Принес три порошка, велел пить через день - мало ли, и на самом деле, немного полегчало Семену.
А Варя и мужики собирались ехать в Березовку, как они все волновались, первым делом наделали фотографий с Вариной флешки для деревенских, накупили всякой всячины из еды Игорь и Сергей, понимая, что кто-то должен
– Варь, как думаешь, если я вот такую шаль привезу? Не Степушке, так кому из потомков?
– Конечно, Игорь, бери.
Собрались ехать целой колонной - Варя с Данькой, Игорь с бабулей, Сергей с Толиком и его женой, Ищенко с Людмилой, Иван с Костиком, и там тоже собралась жена Ивана и мать Кости. Ищенко взял машину сына - его ласточка за семьдесят лет давным-давно сгнила там. Выехать решили рано утром, чтобы попасть в деревню часам к десяти, наверняка, митинг будет.
Сидели восьмого мая у Бярезовке, возле небольшого обелиска, установленного погибшим сельчанам ещё в те далекие пятидесятые годы, два деда. Один шустрый, невысокий, то вскакивал, то опять садился на лавочку, второй - высокий худой дед, преклонного возраста, поставив перед собой палочку, оперся руками на неё и задумчиво глядел на открывающийся с бугра вид на деревню.
– Ай молодцы вы с Василем, что тогда сирень-то насажали везде.
– А сколь уже народу предлагало переименовать Бярезровку у Сиреневку?
– откликнулся Гриня.
– Василь жа обешчал мамушке, што насадит яё многа. А и красиво як, кагда она цвятеть!!
Памятник сельчане тогда решили поставить на том самом бугре, где в сорок первом погибли артиллеристы, при наступлении в сорок третьем артиллерия наша хорошо перекопала этот бугор, но все равно он немного возвышался над деревней. Много воды утекло с тех пор, но помнили крепко и рассказывали сельчане, пережившие оккупацию, своим подрастаюшчим детям и внукам подробности той жизни.

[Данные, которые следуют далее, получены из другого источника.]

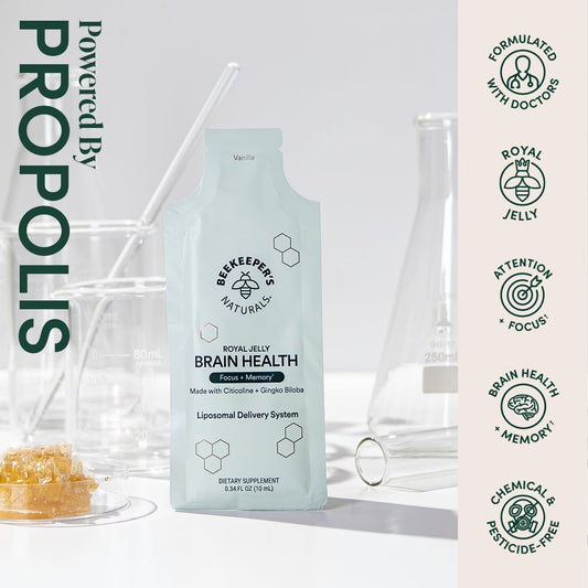 Beekeeper's Naturals Nootropic Brain Supplement with Citocoline, Ginkgo Biloba, Bacopa Monnieri, and Royal Jelly - Supports Focus, Memory, and Easier Absorption - 10ct Vanilla FlavorVendor:My StoreRegular price $143.46 AUDRegular priceUnit price / per-

Не дождался этого, наступившего - две четырнадцатого года, Леший - Лавр Ефимович, он ушел враз, - не болел, не жаловался никогда, успел порадоваться на Матвеюшкиных дочек - двух. Одну назвали Варей, и долгожданного сыночка - Лавра Матвеевича, а вот правнука своего - уже не дождался. Присел на лавочку отдохнуть и все... И было тогда Лавру девяносто два годка. Гриня, Василь и Панас очень тяжело пережили эту потерю, сроднились за столь долгое время накрепко. А у Матвеевой Варюньки родился сынок - вылитый прадед, и передумали называть Иваном - назвали Лавром. Матвейка, как пришел с войны - жил у Бряньске, работал после войны на заводе, там и оженился, но отца не забывал никогда. Леший подолгу гостил у них, а ещё чаще внуки бывали у него.

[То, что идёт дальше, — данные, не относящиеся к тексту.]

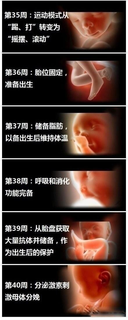 在35周左右的时候,宝宝踢打妈妈就减少了,转变为摇摆滚动的形式,在36周的时候,胎位几乎就固定了,因为这个时候,宝宝马上就要出生了,这个时候,宝宝就做好的准备,在37周的时候,宝宝的身体就开始储备脂肪,就是为了在出生以后,能够维持自己的体温,在38周的时候,胎儿的呼吸和消化功能几乎就完善了,在39周的时候,胎儿就从胎盘开始获取大量的抗体,为出生以后做了很好的身体保护伞,在大概40周左右的时候,分泌激素,开始促进孕妈妈的分娩,告诉妈妈我要出生了。

В пятьдесят лет тихо угасла Пелагея, Полюшка, так до конца жизни и не узнавшая правду о муже. Детки её выросли, в деревне уже и подзабыли, что Андрей не её сын - ну двойнята и двойнята. Мальчишки росли смышлеными, смала помогали мамке как могли, отслужили армию вместе, потом Андрей поступил учиться - оказалась у него способность к иностранным языкам, особенно легко давался ему немецкий, вот и отучился на переводчика. Братья никогда не ссорились, стояли горой друг за друга. Сергей был, правда, более хулиганистый и резкий, Андрей его наоборот уравновешивал, была в нем черточка, ненавистная маме Поле, но об этом знали только Леш, Гриня, Панас и верная подруга Стеша -уж очень педантичным был её Андрюха. Сергей остался в деревне, стала сильно прибаливать их мать, закончил заочно институт
Деревенские дружно пожимали плечами - никто не помнил такога. Но нашлась "добрая душа" - проболтался за бутылку один, пришлый пьянчужка, живший одно время с Ивановной, да выгнала она его, помучившись.
Прилетела мадам к Стешке, ну а Степушка никогда за словом в карман не лезла - за пару минут осадила.

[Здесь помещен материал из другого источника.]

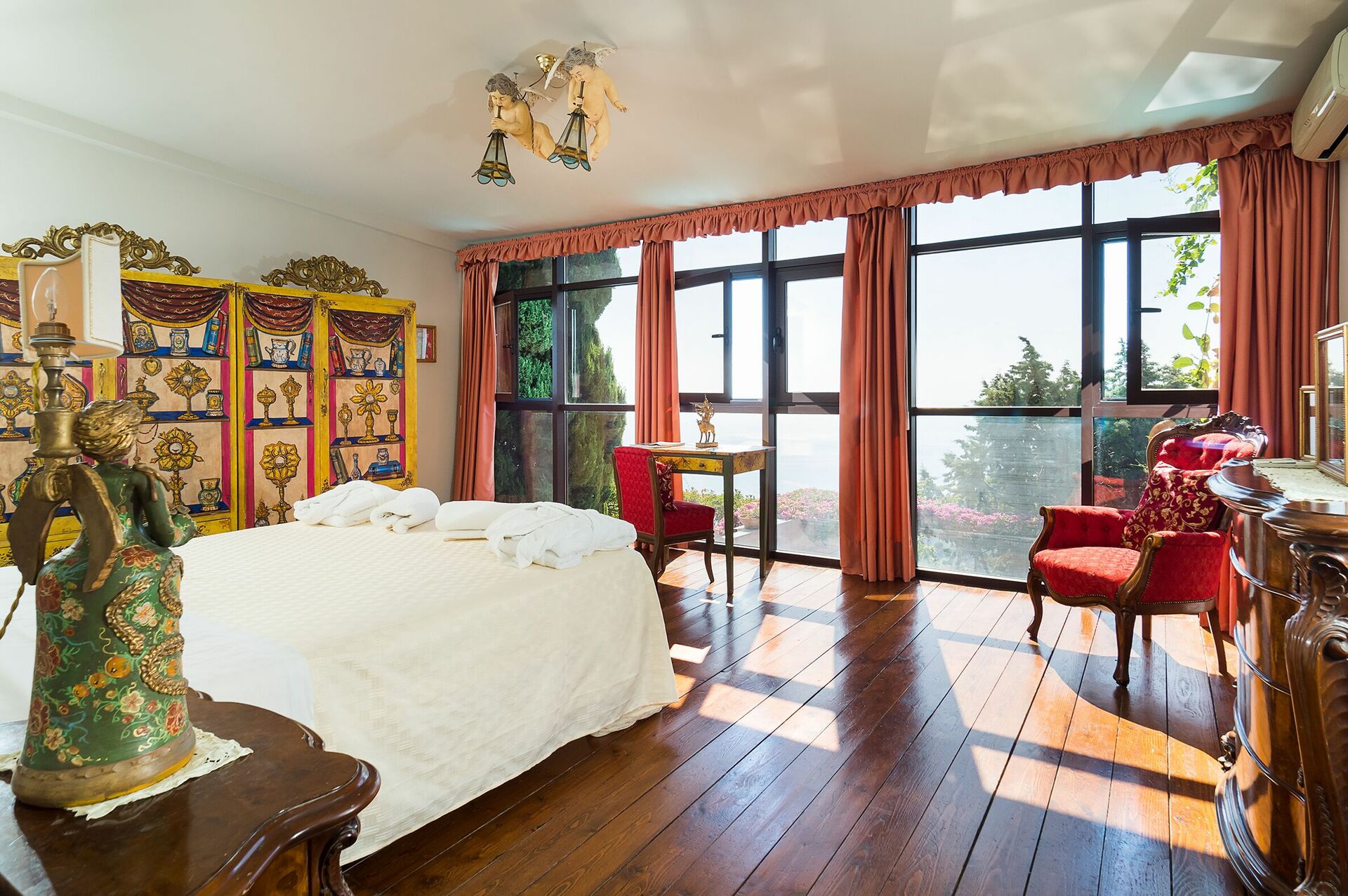 We loved the villa. It is special, spacious and beautifully decorated. Great location with a wonderful view over Taormina and the sea. The owner is a great host and very service oriented. The description was perfect, the photos did not lie. Great surroundings and a very short walk to the center of Taormina where it is easy to find nice restaurants, elegant shops etc.

– Ты, стервь, ешче какие-то права качать уздумала? А кагда месячного ребенка у мусор кинула, отчаго ж не думала про няго? А знаешь ли ты, что полдеревни хотели его прибить?
– Ты где, сука, была, кагда ён рос, болел, кагда ты яму необходима была?
– С порога добавила столетняя подружка Стешки - Марфа Лисова.
– Уезжай уже по добру, по здорову! Мы жа помним, як ты у Радневе ходила с хвашистами под ручку, хочешь самосуда?
– Я... я за свое давно заплатила!
– сдулась мадам, то есть Милка, - я ...тогда... не знала, что Эрих его оставил умирать, сама была с температурой, плохо помню.
– Ой, не звезди, а то у нас температуры не бываеть? И мы вона скольких не бросаем?
– у Марфы посля войны народилось ещё трое деток. Она только посмеивалась, когда бабы ахали, увидев её очередной живот:
– Лешай же сказал, рожать надо много, а мне, вишь, Сафрон сразу, як заявилси, сказал: -Мать, будем сынов рожать, надо!!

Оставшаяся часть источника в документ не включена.